- _MATERIAL TO PROCESS_
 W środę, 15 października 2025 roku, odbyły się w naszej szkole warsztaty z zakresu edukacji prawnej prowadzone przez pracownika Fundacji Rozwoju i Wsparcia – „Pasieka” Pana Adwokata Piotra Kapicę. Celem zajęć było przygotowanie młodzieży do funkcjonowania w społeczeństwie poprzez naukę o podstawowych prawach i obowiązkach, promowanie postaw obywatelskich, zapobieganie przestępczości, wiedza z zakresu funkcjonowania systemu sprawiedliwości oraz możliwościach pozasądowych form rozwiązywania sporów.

--

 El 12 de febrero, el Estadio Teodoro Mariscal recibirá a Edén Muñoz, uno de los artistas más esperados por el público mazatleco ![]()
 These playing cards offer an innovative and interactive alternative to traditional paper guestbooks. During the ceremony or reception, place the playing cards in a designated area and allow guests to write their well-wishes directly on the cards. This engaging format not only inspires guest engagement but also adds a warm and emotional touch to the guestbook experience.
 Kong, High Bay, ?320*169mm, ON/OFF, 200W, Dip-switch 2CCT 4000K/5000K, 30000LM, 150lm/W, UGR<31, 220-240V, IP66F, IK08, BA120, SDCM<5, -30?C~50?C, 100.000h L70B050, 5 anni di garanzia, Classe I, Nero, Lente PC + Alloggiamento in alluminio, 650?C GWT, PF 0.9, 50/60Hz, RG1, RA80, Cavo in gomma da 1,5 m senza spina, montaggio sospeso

- _TASK GOAL_
Look above for the line holding "El 12 de febrero, el" and the line holding "Kong, High Bay, ?320*169mm, ON/OFF, 200W, Dip-switch", then output exactly those two lines and every line between them, nothing more.

- _RESPONSE TO THE TASK_
 El 12 de febrero, el Estadio Teodoro Mariscal recibirá a Edén Muñoz, uno de los artistas más esperados por el público mazatleco ![]()
 These playing cards offer an innovative and interactive alternative to traditional paper guestbooks. During the ceremony or reception, place the playing cards in a designated area and allow guests to write their well-wishes directly on the cards. This engaging format not only inspires guest engagement but also adds a warm and emotional touch to the guestbook experience.
 Kong, High Bay, ?320*169mm, ON/OFF, 200W, Dip-switch 2CCT 4000K/5000K, 30000LM, 150lm/W, UGR<31, 220-240V, IP66F, IK08, BA120, SDCM<5, -30?C~50?C, 100.000h L70B050, 5 anni di garanzia, Classe I, Nero, Lente PC + Alloggiamento in alluminio, 650?C GWT, PF 0.9, 50/60Hz, RG1, RA80, Cavo in gomma da 1,5 m senza spina, montaggio sospeso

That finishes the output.